*YOUR GOAL*:
From the line that contains "Here's a cute" down to the last line of the data below, restate every line word for word, skipping any images.
[EXCERPTED DATA Boundary: Start]
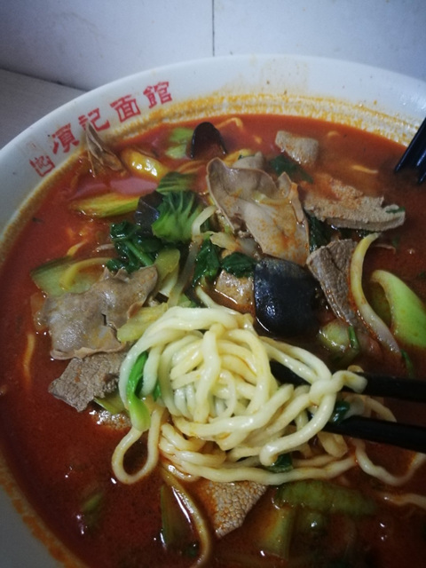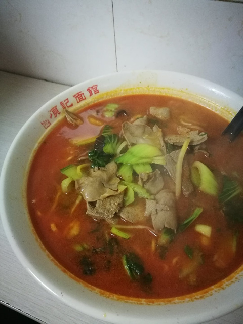 【位置】 明瓦廊和丰富路之间的陆家巷小区里,对面就是网红的鸡蛋灌饼,岀了名难找车位的地方,想锻炼一下车技和耐心的可以开车来。 【环境】 门脸很小,门口可以坐几桌,里面店堂是个狭长条,比较拥挤,好在不黑暗油腻,还算整洁。 【服务】 进店堂走到底,点单结帐,给个写着号码的小白条,找座位坐下,阿姨会给端到座位上来。 过了饭点,生意依然火爆,阿姨忙不过来,桌上的残羹剩饭来不及收。 【食物】 腰花猪肝面,19元,腰花、猪肝都爽嫩不腥,口感正好,面条是手擀面,久泡不软烂,汤头是荤汤,口味不错不膩,要的中辣,看起来红彤彤一片,其实是香而不辣,蛮好吃的。 【评价】 心仪了很久的南京小煮面馆,因为明瓦廊好吃的太多,一直没有去拨草,吃过确实口味还不错,他家的面不是默认自带皮肚的,下次要去尝试一下他家的皮肚面。
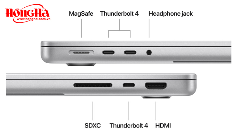 Laptop cho có thể tương thích tốt với cả hai màn hình ngoài, mở rộng không gian làm việc và giải trí của bạn. Đồng thời có đầy đủ các cổng như jack tai nghe, HDMI và Thunderbolt 4 với tốc độ truyền dữ liệu lên đến 40 Gb/s. Hệ thống sạc MagSafe 3 không chỉ đảm bảo sạc nhanh chóng mà còn sở hữu thiết kế tinh tế với cơ chế hút nam châm hiện đại. Máy cũng hỗ trợ chuẩn kết nối không dây Wi-Fi 6E và Bluetooth 5.3.
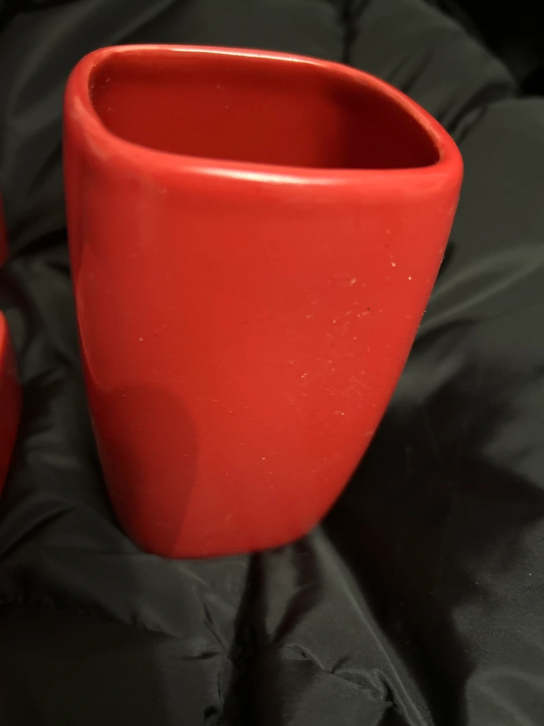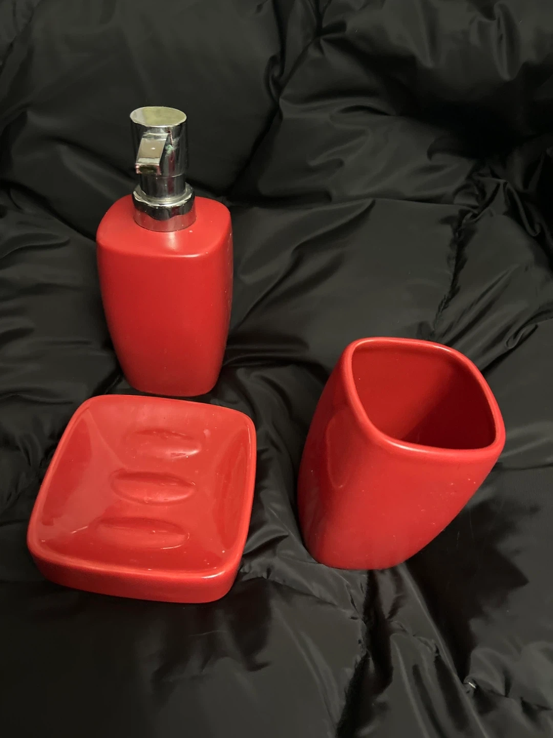Here's a cute red bathroom set that includes a soap dispenser, toothbrush holder, and soap dish! It's in great condition and would add a pop of colour to any bathroom.
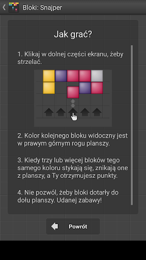 Strzelasz używając kolorowych bloków. Kiedy przynajmniej trzy bloki tego samego koloru stykają się, zostają one usunięte z tablicy, a Ty otrzymujesz punkty. Mała podpowiedź: celuj w bloki takiego samego koloru, co Twój pocisk.
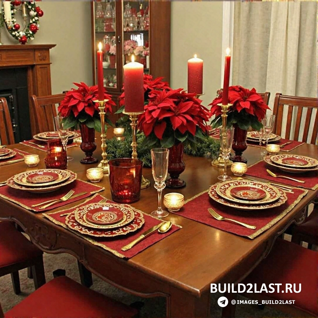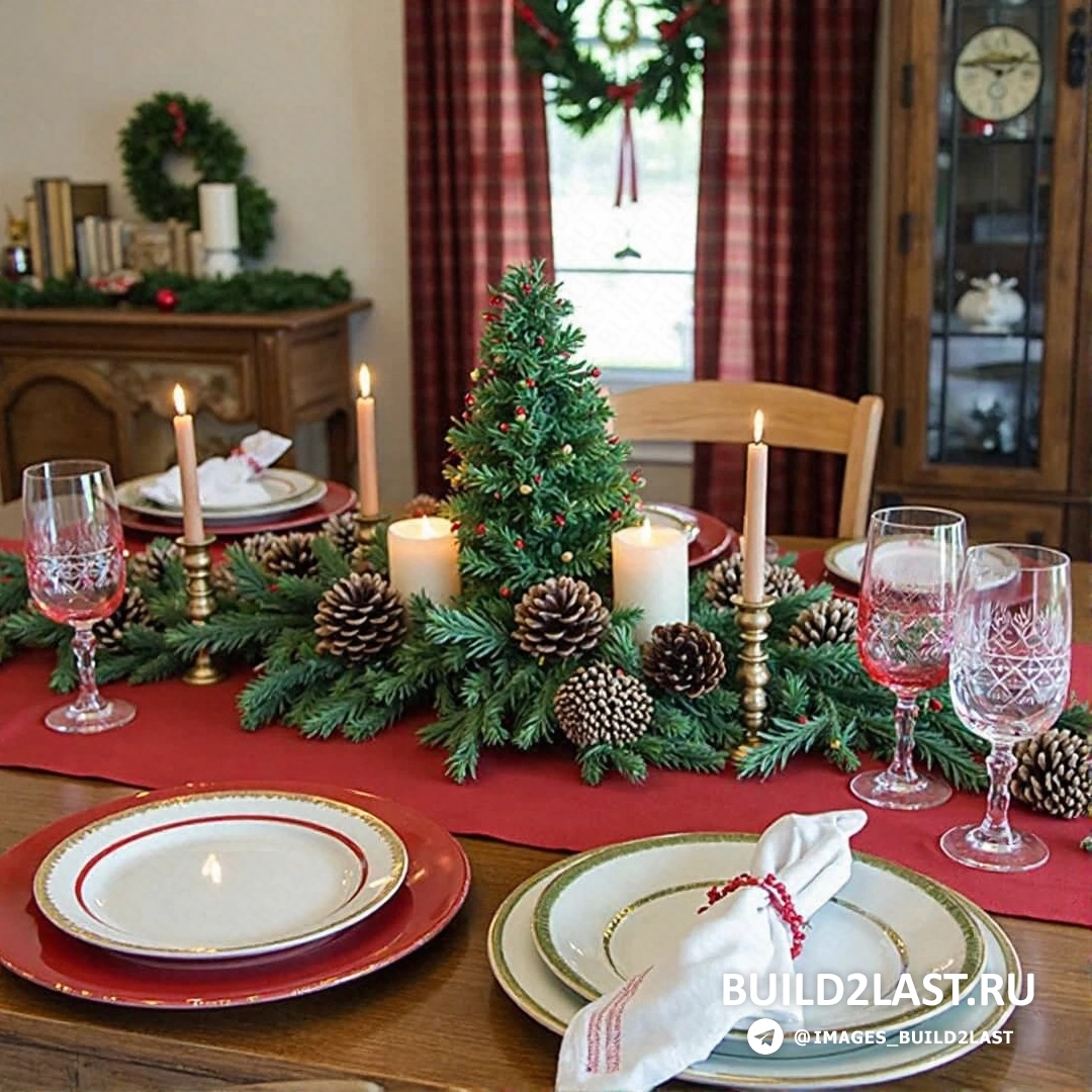 Вот несколько идей для праздничного декора в классических красно-зелёных тонах:
[EXCERPTED DATA Boundary: End]
*TASK SOLUTION*:
Here's a cute red bathroom set that includes a soap dispenser, toothbrush holder, and soap dish! It's in great condition and would add a pop of colour to any bathroom.
 Strzelasz używając kolorowych bloków. Kiedy przynajmniej trzy bloki tego samego koloru stykają się, zostają one usunięte z tablicy, a Ty otrzymujesz punkty. Mała podpowiedź: celuj w bloki takiego samego koloru, co Twój pocisk.
 Вот несколько идей для праздничного декора в классических красно-зелёных тонах:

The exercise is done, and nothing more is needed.